Topic Modelling for PornHub's Videos to exploit any differences in words used for general videos, and for videos appreciated by the female audience, to see if the video title affects the target.
Number of Titles:
- General Videos: 48009
- Popular With Women: 40570
Steps:
-
Scraping Using Beautiful Soup and Requests to obtain:
- Video Title;
- Video Rating;
- Video Views;
- Video Length;
For General videos (link: https://www.pornhub.com/video) and for videos popular with women (link: https://www.pornhub.com/popularwithwomen);
-
Detect title language to delete each not english word, and any number to avoid any misleading result in the analysis;
-
Write all titles in two CSV, one for General Videos and one for videos Popular with Women;
-
Perform Topic Modelling for each set of titles using Latent Dirichlet Allocation and GridSearchCV, and produce two file.html with all the results and the most used words.
Issues: Before performing LDA You have to change some attributes, in particular:
- Inside "sklearn.py" of the package "pyLDAvis" for the visualization of the results, You have to change inside the function "_get_vocab" the method "get_feature_names" with "get_feature_names_out";
- Inside "_prepare.py" of the package "pyLDAvis", You have to change inside the method "drop" associated with head(R), the number "1" with the write axis=1, so You have to specify the parameter "axis" to avoid this error.

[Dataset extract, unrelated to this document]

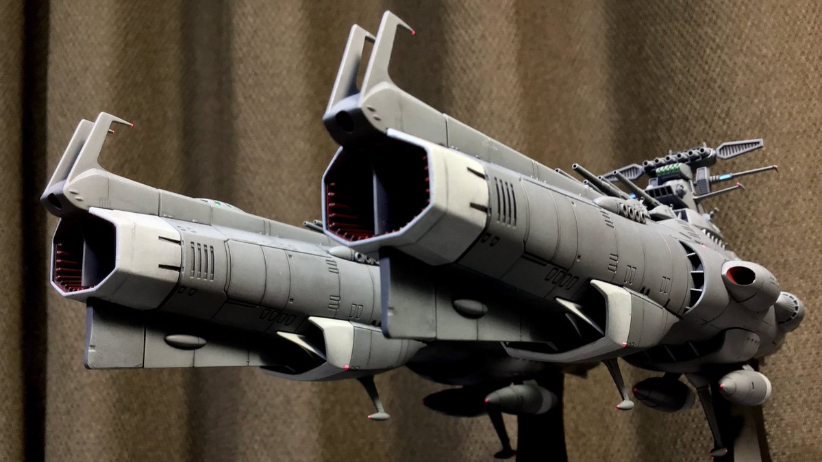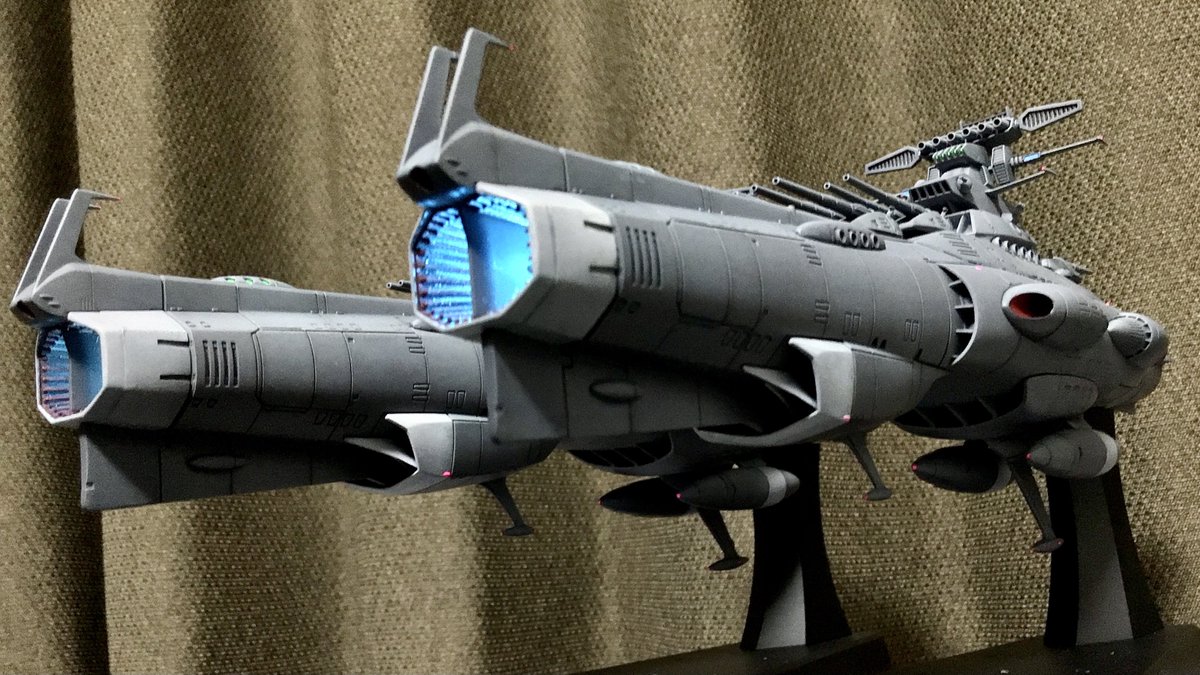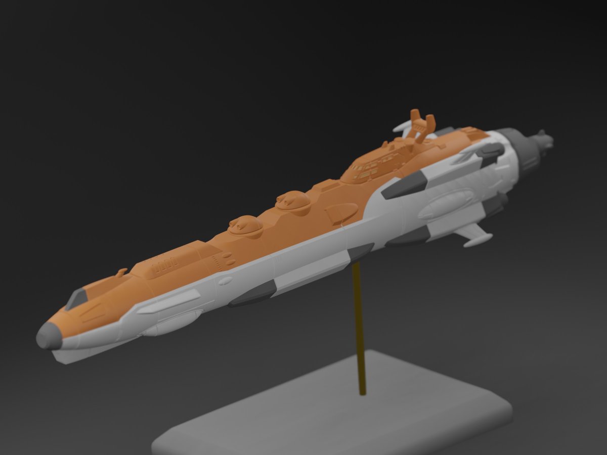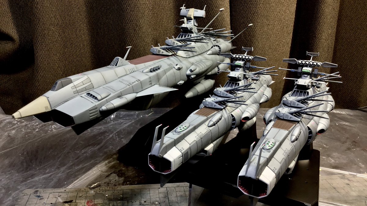 #宇宙戦艦ヤマト の #巡洋艦 完成しました。#Fusion360 でモデリング、#Satrun2 でSK水洗いレジンでの印刷です。全パーツ接着無しで組み上がります。1隻は設定に似たカラー、もう1隻は無人艦隊カラーをイメージして塗ってみました。(続く) twitter.com/i/web/status/1…

Inside the Repository You'll find, except this README:
- Topic_Modelling_PH.py, where You can find the script;
- title_videos.csv, where You can find the titles used for the analysis in data 18/08/2023;
- title_videos_fem.csv, as the previous point but with titles of videos popular with women;
- LDA_panel_female videos.html, where You can find the visualization of the results of LDA performed for videos popular with women;
- LDA_panel_general videos.html, where You can find the visualization of the results of LDA performed for general videos.